'''

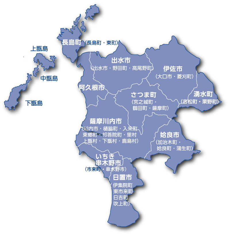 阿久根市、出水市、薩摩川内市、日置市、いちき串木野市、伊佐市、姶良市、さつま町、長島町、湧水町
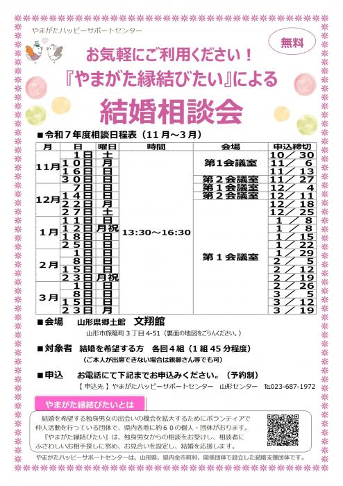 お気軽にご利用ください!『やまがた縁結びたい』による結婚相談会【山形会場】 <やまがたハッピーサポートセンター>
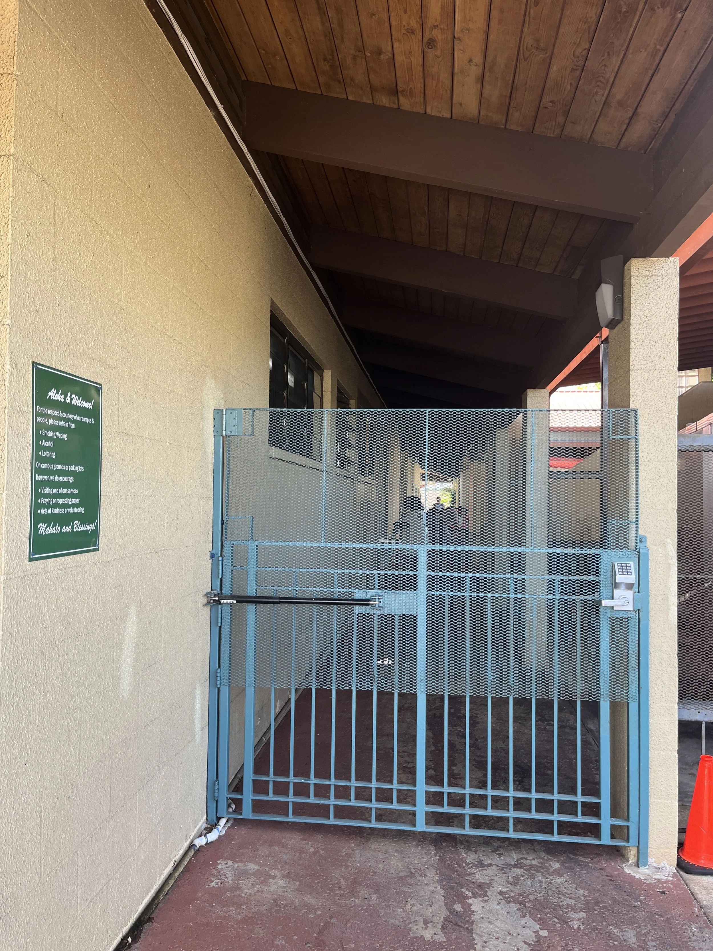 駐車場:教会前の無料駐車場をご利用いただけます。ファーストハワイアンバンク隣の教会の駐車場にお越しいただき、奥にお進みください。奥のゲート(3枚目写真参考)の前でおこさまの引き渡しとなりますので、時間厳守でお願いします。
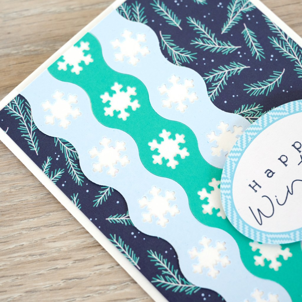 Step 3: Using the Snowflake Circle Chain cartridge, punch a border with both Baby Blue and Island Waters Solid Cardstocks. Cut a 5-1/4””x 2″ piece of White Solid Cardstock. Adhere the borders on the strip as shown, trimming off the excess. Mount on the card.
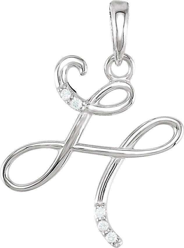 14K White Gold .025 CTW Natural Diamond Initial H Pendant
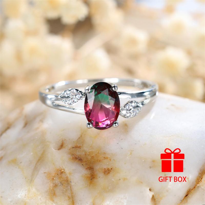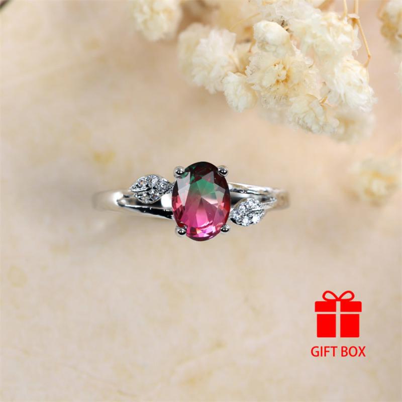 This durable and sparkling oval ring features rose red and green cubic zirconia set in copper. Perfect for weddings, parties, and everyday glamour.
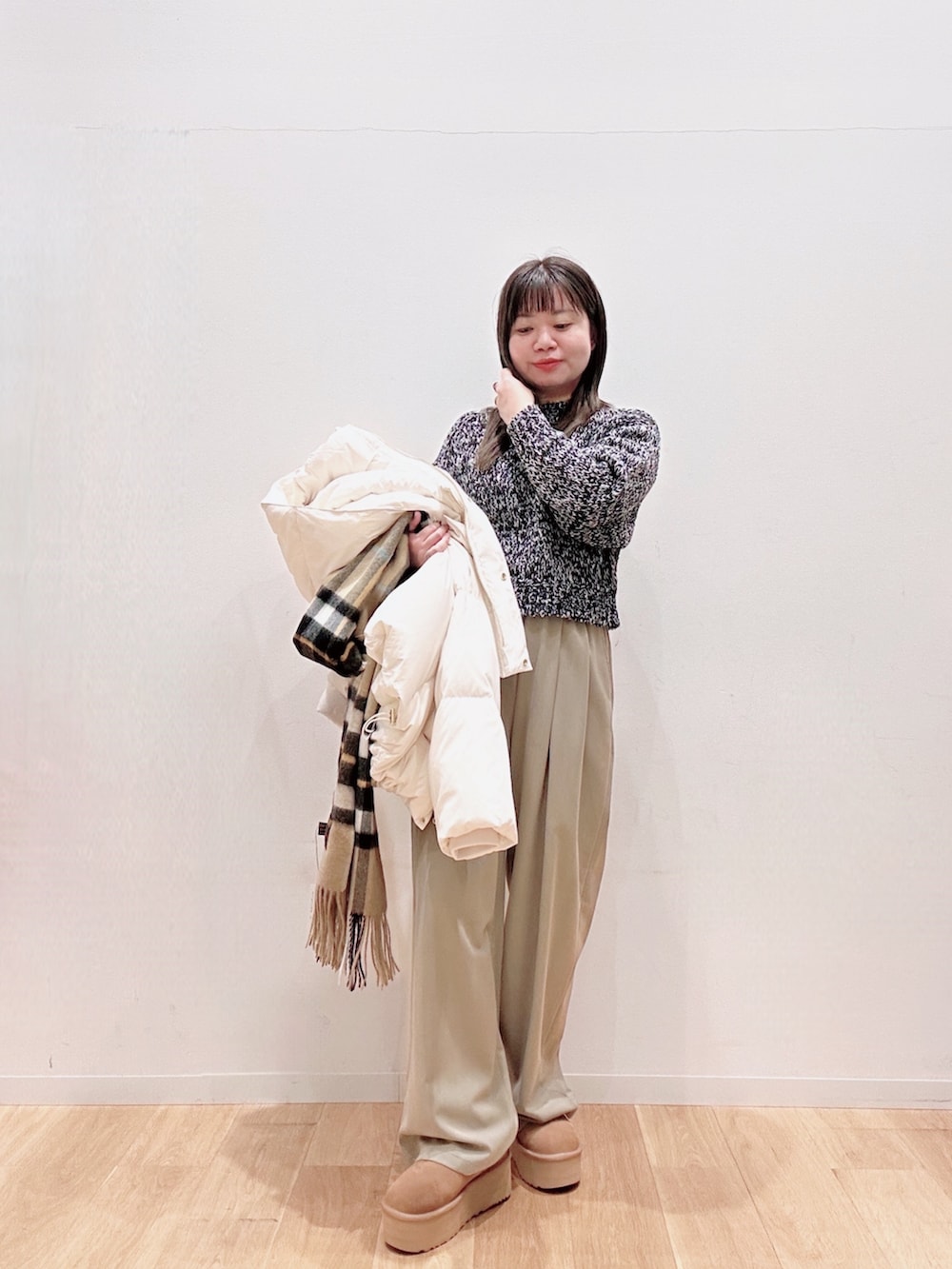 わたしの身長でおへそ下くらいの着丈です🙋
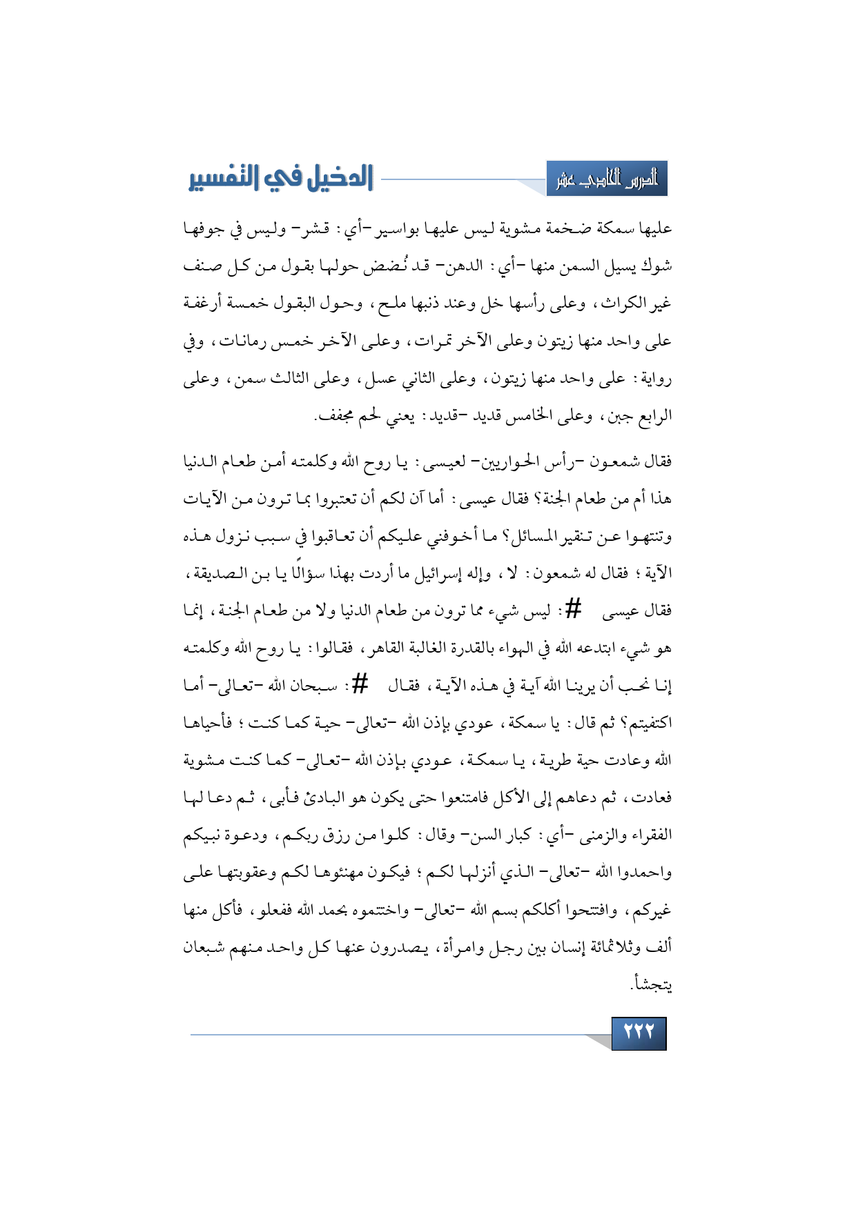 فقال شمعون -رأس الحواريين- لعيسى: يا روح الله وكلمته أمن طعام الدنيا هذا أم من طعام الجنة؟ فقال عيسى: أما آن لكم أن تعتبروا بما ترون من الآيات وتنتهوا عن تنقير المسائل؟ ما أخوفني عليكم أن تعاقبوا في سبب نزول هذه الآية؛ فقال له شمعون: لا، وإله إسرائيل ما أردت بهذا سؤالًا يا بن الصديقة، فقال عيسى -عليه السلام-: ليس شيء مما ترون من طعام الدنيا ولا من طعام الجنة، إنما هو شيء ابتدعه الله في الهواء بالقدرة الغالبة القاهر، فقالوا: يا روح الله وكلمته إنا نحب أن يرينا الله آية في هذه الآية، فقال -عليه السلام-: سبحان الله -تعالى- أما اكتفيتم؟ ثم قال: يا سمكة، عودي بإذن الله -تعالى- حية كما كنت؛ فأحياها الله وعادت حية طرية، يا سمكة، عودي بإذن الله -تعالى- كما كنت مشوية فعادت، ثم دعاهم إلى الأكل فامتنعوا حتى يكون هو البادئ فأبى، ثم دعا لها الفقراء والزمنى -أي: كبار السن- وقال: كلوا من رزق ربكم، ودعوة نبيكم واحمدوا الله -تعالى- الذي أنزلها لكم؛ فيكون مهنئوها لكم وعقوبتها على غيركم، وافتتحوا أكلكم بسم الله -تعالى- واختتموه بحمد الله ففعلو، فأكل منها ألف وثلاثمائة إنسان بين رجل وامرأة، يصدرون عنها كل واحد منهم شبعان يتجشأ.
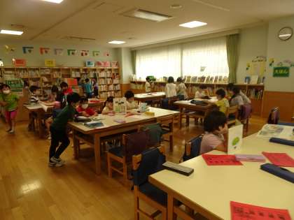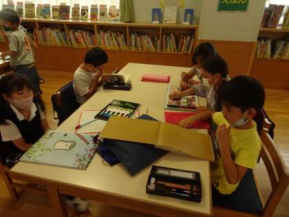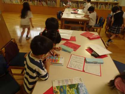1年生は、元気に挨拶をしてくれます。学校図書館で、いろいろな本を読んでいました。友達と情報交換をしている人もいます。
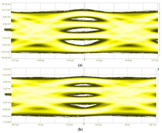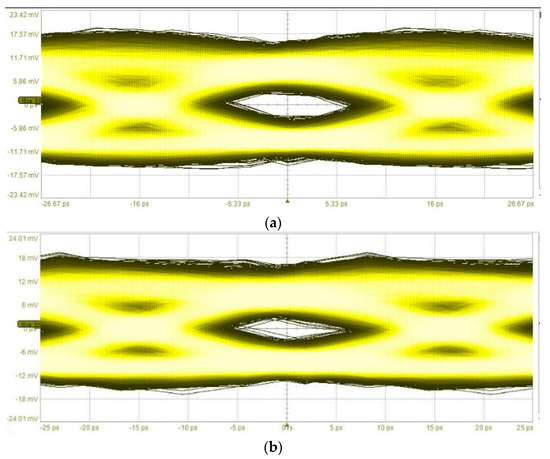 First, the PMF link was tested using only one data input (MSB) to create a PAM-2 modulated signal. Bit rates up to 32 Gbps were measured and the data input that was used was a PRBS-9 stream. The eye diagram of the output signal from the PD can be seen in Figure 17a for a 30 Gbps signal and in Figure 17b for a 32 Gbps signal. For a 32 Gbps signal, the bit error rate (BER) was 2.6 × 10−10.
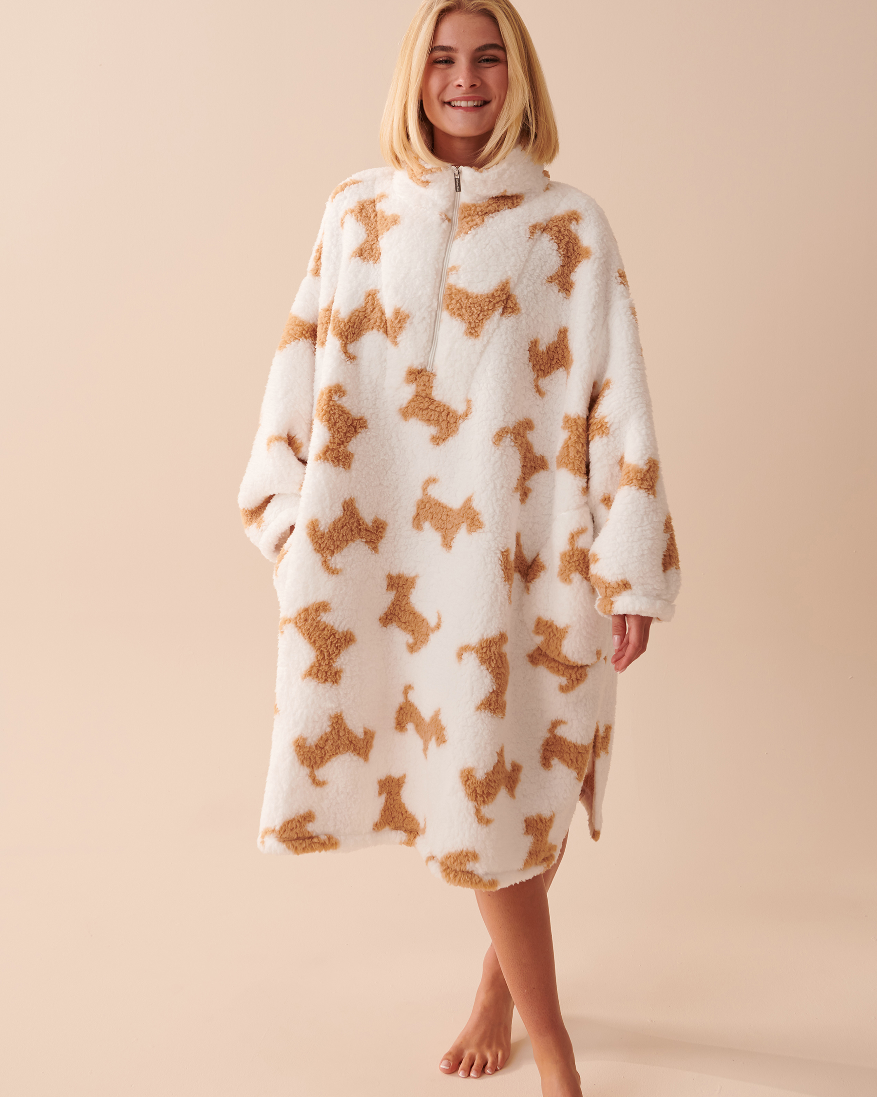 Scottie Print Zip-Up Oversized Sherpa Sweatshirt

'''

*WHAT THE TASK REQUIRES:* Set down word for word the lines from the first entry through the line with "14K White Gold", both included, omitting pictures.

*OUTPUT FOR THIS EXERCISE:*
 阿久根市、出水市、薩摩川内市、日置市、いちき串木野市、伊佐市、姶良市、さつま町、長島町、湧水町
 お気軽にご利用ください!『やまがた縁結びたい』による結婚相談会【山形会場】 <やまがたハッピーサポートセンター>
 駐車場:教会前の無料駐車場をご利用いただけます。ファーストハワイアンバンク隣の教会の駐車場にお越しいただき、奥にお進みください。奥のゲート(3枚目写真参考)の前でおこさまの引き渡しとなりますので、時間厳守でお願いします。
 Step 3: Using the Snowflake Circle Chain cartridge, punch a border with both Baby Blue and Island Waters Solid Cardstocks. Cut a 5-1/4””x 2″ piece of White Solid Cardstock. Adhere the borders on the strip as shown, trimming off the excess. Mount on the card.
 14K White Gold .025 CTW Natural Diamond Initial H Pendant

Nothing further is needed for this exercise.